[Opening Record extracts section]

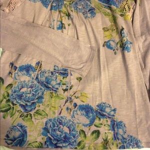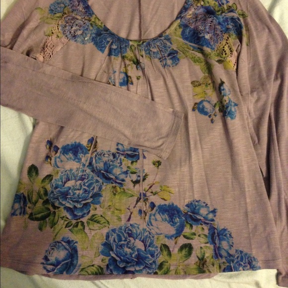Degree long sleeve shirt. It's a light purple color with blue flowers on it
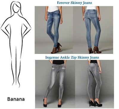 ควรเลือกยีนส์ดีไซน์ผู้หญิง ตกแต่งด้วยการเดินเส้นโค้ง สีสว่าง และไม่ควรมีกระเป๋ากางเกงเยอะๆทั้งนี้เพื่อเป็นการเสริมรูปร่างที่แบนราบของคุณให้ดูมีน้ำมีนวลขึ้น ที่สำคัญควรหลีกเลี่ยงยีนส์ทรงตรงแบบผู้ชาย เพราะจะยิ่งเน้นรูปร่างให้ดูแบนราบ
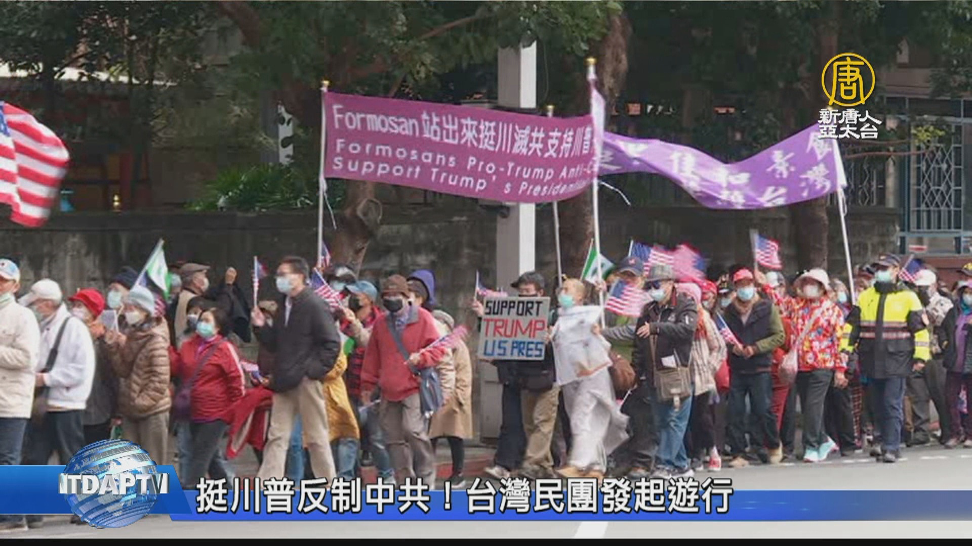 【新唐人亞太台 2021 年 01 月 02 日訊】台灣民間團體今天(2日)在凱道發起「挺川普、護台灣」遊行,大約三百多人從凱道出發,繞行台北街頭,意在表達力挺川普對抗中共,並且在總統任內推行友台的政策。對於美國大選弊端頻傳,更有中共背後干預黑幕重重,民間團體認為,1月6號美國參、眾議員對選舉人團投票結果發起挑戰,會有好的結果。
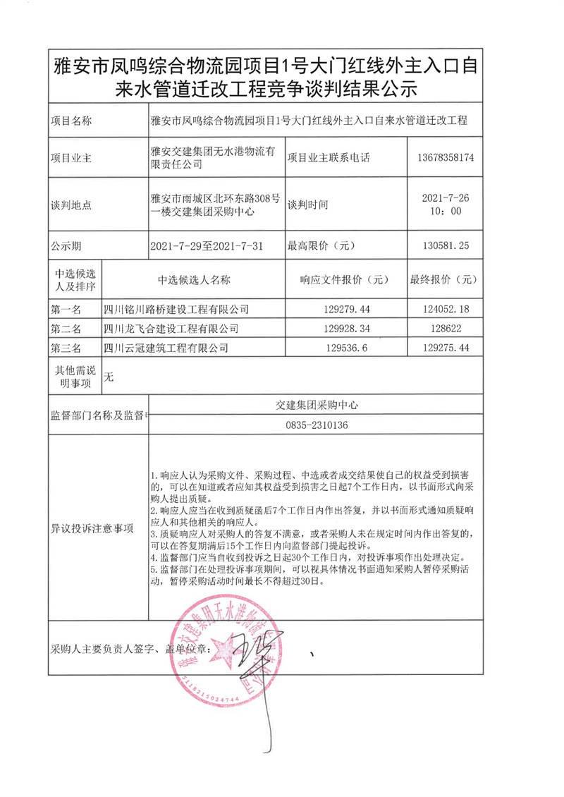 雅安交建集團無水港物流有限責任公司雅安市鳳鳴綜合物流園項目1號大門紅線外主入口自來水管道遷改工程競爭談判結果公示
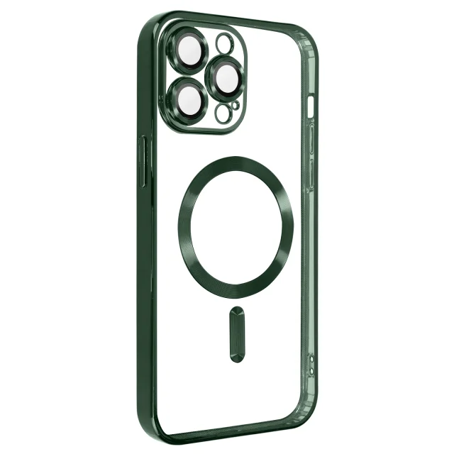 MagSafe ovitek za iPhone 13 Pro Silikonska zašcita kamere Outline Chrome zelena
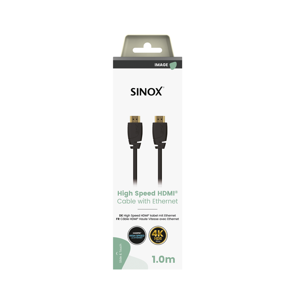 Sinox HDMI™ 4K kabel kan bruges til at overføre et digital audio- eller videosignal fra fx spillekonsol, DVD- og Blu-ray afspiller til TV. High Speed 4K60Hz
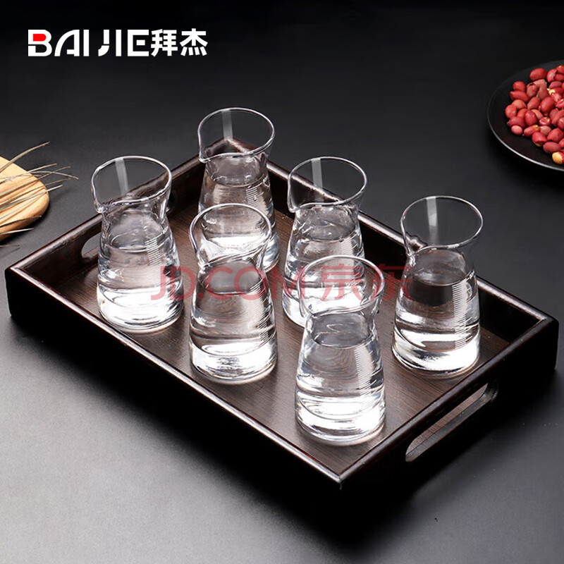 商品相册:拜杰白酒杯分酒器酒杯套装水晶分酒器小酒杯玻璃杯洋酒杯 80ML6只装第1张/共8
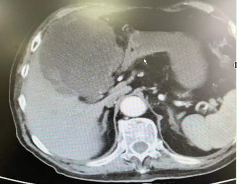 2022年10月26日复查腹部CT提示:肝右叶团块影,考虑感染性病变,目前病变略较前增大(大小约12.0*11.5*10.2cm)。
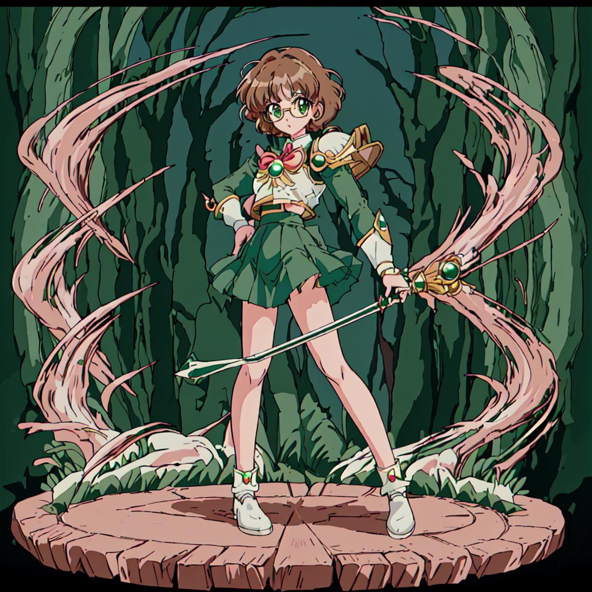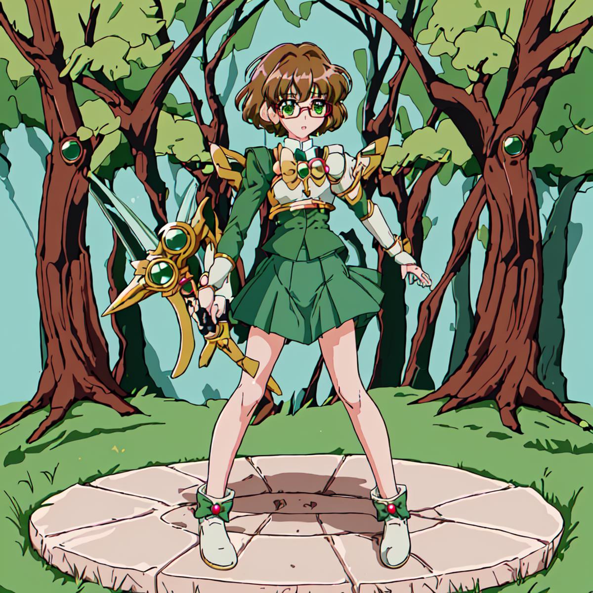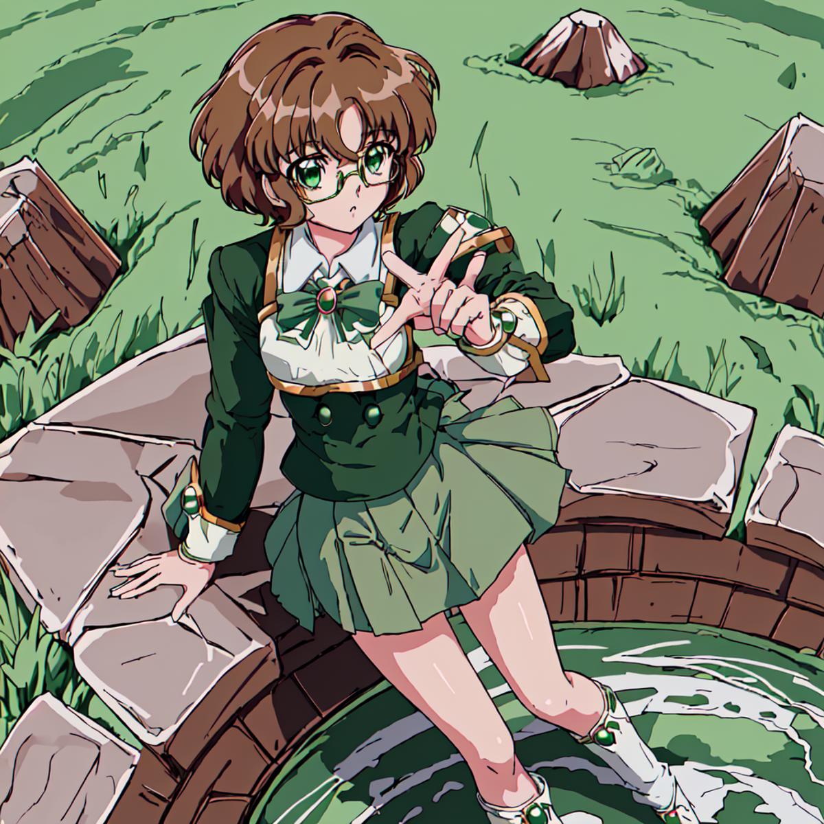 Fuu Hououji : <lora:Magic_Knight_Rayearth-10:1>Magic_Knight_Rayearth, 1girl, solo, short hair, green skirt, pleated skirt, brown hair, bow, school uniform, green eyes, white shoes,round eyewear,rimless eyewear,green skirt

[Closing Record extracts section]
[Opening Record extracts section]

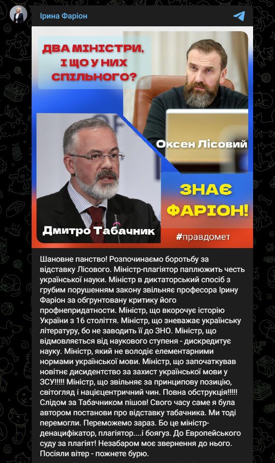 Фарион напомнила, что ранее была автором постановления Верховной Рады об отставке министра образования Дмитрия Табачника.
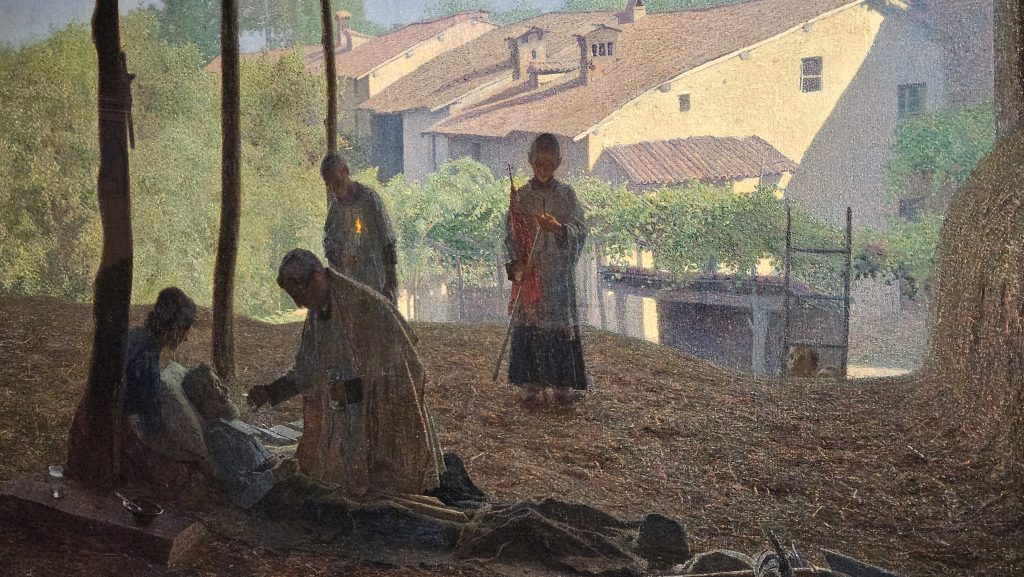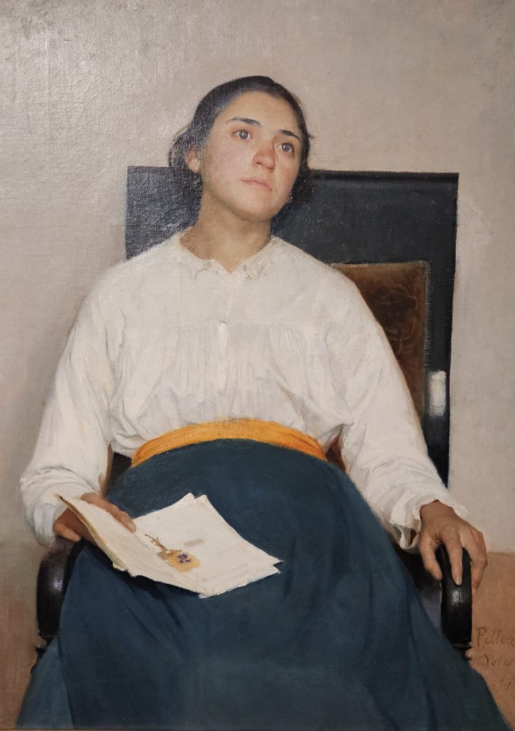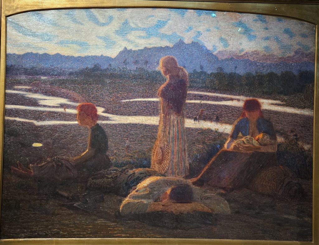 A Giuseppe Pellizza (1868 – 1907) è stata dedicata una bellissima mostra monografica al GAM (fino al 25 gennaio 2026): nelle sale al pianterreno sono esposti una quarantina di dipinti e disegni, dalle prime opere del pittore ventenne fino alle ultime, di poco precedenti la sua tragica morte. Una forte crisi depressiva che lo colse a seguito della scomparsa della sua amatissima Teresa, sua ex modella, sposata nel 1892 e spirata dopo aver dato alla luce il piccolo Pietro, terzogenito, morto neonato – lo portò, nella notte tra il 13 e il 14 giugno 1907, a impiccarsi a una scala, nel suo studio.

[Closing Record extracts section]

**What you are asked to do:** From the data above, return only the lines starting at the line that holds "雅安交建集團無水港物流有限責" and ending at the line that holds "eyewear,rimless eyewear,green skirt", word for word and without pictures.

**Result below:**
 雅安交建集團無水港物流有限責任公司雅安市鳳鳴綜合物流園項目1號大門紅線外主入口自來水管道遷改工程競爭談判結果公示
 MagSafe ovitek za iPhone 13 Pro Silikonska zašcita kamere Outline Chrome zelena
 Sinox HDMI™ 4K kabel kan bruges til at overføre et digital audio- eller videosignal fra fx spillekonsol, DVD- og Blu-ray afspiller til TV. High Speed 4K60Hz
 商品相册:拜杰白酒杯分酒器酒杯套装水晶分酒器小酒杯玻璃杯洋酒杯 80ML6只装第1张/共8
 2022年10月26日复查腹部CT提示:肝右叶团块影,考虑感染性病变,目前病变略较前增大(大小约12.0*11.5*10.2cm)。
 Fuu Hououji : <lora:Magic_Knight_Rayearth-10:1>Magic_Knight_Rayearth, 1girl, solo, short hair, green skirt, pleated skirt, brown hair, bow, school uniform, green eyes, white shoes,round eyewear,rimless eyewear,green skirt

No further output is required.